Models

AntiCP 3.0 uses two prediction models:

  • Finetuned-ESM2 + BLAST
  • Finetuned-ESM2
Both models are based on a fine-tuned ESM2-t33 deep learning architecture, trained on experimentally validated anticancer proteins. The hybrid model additionally incorporates a BLAST-based alignment approach to identify similarities with known anticancer proteins, further improving predictive accuracy.

Predict

This module enables users to predict anticancer proteins with ease. Users can input sequences in one of the following ways:

  • Type or paste single/multiple peptides in FASTA format directly into the query box.
  • Upload a file containing sequences in FASTA format.
After providing the sequences, users can choose a prediction model:
  1. Finetuned ESM2 + BLAST (default option).
  2. Finetuned ESM2
Users can set a cut-off threshold for classification based on their specific requirements. The module also allows users to select various protein properties to be displayed, including:
  • Hydrophobicity
  • Steric hindrance
  • Molecular weight
  • Net charge
  • And more
For better job tracking, users can provide a job title and their email address (optional). Once all inputs and preferences are set, click Submit to process your prediction job. Prediction page

Prediction Result

After the prediction, the results are displayed in a tabular format (see figure below). The information displayed depends on the selected prediction model:
  • Hybrid Model: The table includes the following columns:
    • ML_Score
    • BLAST_Score
    • Hybrid_Score
    • Prediction
    • All selected properties (e.g., hydrophobicity, molecular weight, etc.).
  • Model 1: The table includes:
    • ML_Score
    • Prediction
    • All selected properties (e.g., hydrophobicity, molecular weight, etc.).
  • Mechanism of Action of ACP

BLAST

This module enables users to search a query protein sequence against the database of known anticancer and non-anticancer proteins using a similarity-based search method, i.e. BLAST. The module predicts the query sequence as:

  • Anticancer: If a match (hit) is found in the database.
  • Non-Anticancer: If no match (hit) is found in the database.
Users can input multiple protein sequences at once in the text area or upload them in FASTA format.
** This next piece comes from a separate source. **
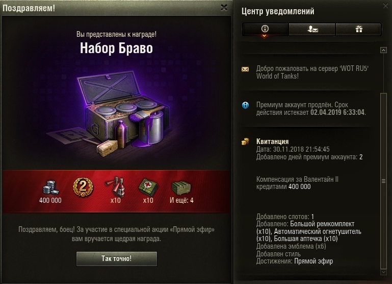 А вот пакет «Браво» пока всё ещё можно заполучить себе на аккаунт ДО 31 марта 2019 года 08:00 МСК.
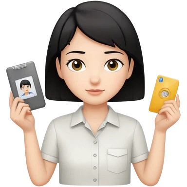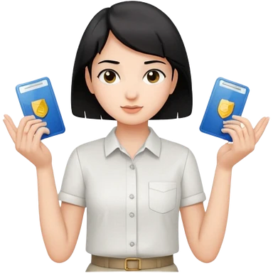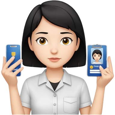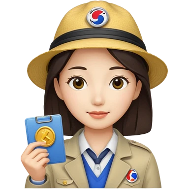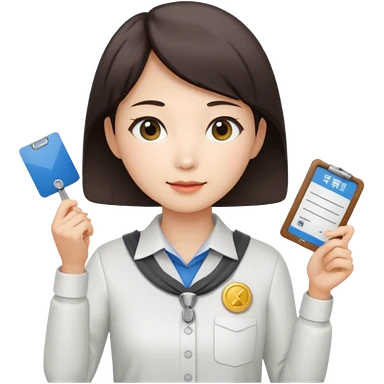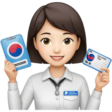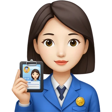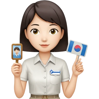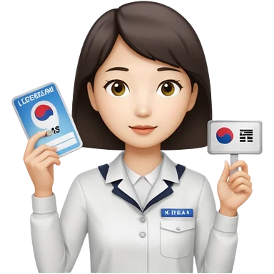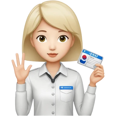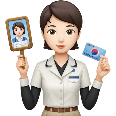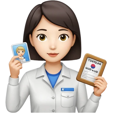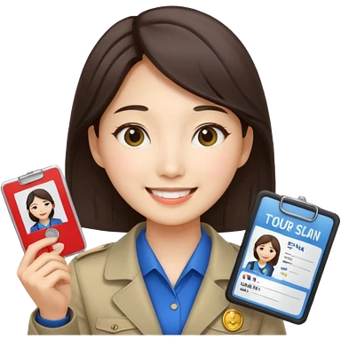 A Korean female tour guide holds her license. emoji

Mechanism of Action of ACP

BLAST Result

Based on the hit, each submitted sequence is given a prediction. Users can also view the detailed BLAST alignment results. Mechanism of Action of ACP

Standalone

Installation and Usage

  1. Navigate to the Download tab.
  2. Download the standalone version: Anticp3.zip.
  3. Note: If you do not have Anaconda installed on your system, you can download and install it from Miniconda Installation Guide. Miniconda
  4. Open your terminal and navigate to the directory where the file was downloaded.
  5. Unzip the standalone file using the following command:
    unzip anticp3.zip
  6. Change to the anticp3_standalone directory:
    cd anticp3_standalone
  7. Set up the conda environment by running:
    conda env create -f environment.yml
  8. Activate the environment:
    conda activate anticp3
  9. Run the Python script:
    python3 anticp3.py -h

Your environment is now set up, and you can begin using the Anticp3 standalone on your system.

Pip Package

Install the official AntiCP 3.0 Python package directly from PyPI for seamless integration into your workflows.

Installation Command:

pip install anticp3

Once installed, you can use the prediction module directly in your Python scripts or terminal.
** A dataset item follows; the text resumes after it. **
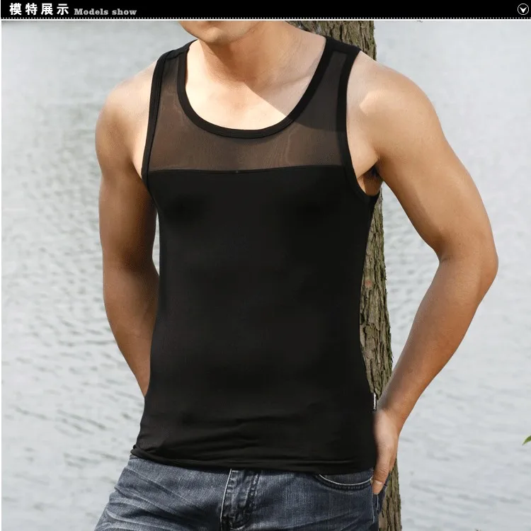 Мужской облегающий сетчатый спортивный жилет из прозрачной газовой ткани, сексуальный базовый жилет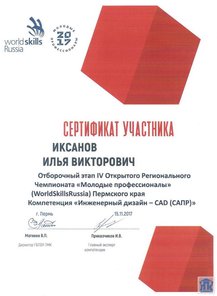Хотя для нашего колледжа чемпионат «WorldSkills Russia» явление не новое, но в компетенции «Инженерный дизайн» мы участвовали впервые. В отборочном туре участвовали 10 студентов от шести учебных заведений Пермского края. Наш колледж представляли студенты Васильевых Алексей (группа 36-15-ТМ) и Иксанов Илья (группа 46-14-ТМ).

Visit our PyPI Page for full documentation and updates.

HuggingFace Model

Access the fine-tuned AntiCP 3.0 model on Hugging Face for quick inference and experimentation.

Model Page:

Hugging Face HuggingFace Repository

Example Code to Load the Model:

from transformers import AutoModelForSequenceClassification, AutoTokenizer

model = AutoModelForSequenceClassification.from_pretrained("raghavagps-group/anticp3")
tokenizer = AutoTokenizer.from_pretrained("raghavagps-group/anticp3")

sequence = "MANCVVGYIGERCQYRDLKWWELRGGGGSGGGGSAPAFSVSPASGLSDGQSVSVSVSGAAAGETYYIAQCAPVGGQDACNPATATSFTTDASGAASFSFVVRKSYTGSTPEGTPVGSVDCATAACNLGAGNSGLDLGHVALTFGGGGGSGGGGSDHYNCVSSGGQCLYSACPIFTKIQGTCYRGKAKCCKLEHHHHHH"
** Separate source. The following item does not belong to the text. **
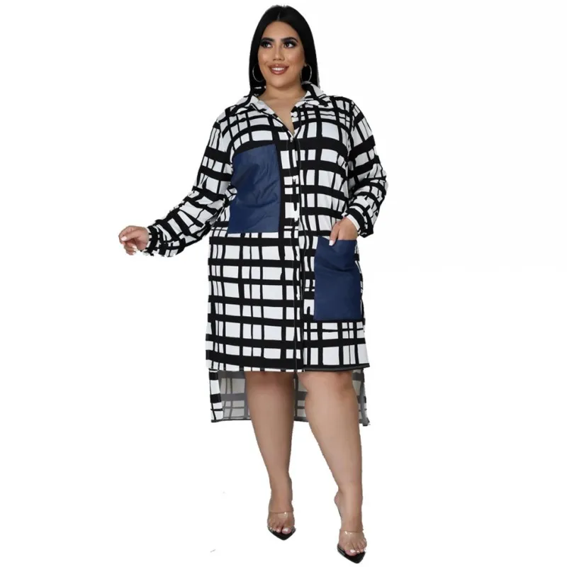 Новинка, женские свободные офисные платья-рубашки в шотландскую кле...

# Tokenize and run inference
inputs = tokenizer(sequence, return_tensors="pt", truncation=True)

with torch.no_grad():
    logits = model(**inputs).logits
    probs = torch.nn.functional.softmax(logits, dim=-1)
    prediction = torch.argmax(probs, dim=1).item()

labels = {0: "Non-Anticancer", 1: "Anticancer"}
print("Prediction:", labels[prediction])

This allows you to use AntiCP 3.0 inside any deep learning pipeline easily!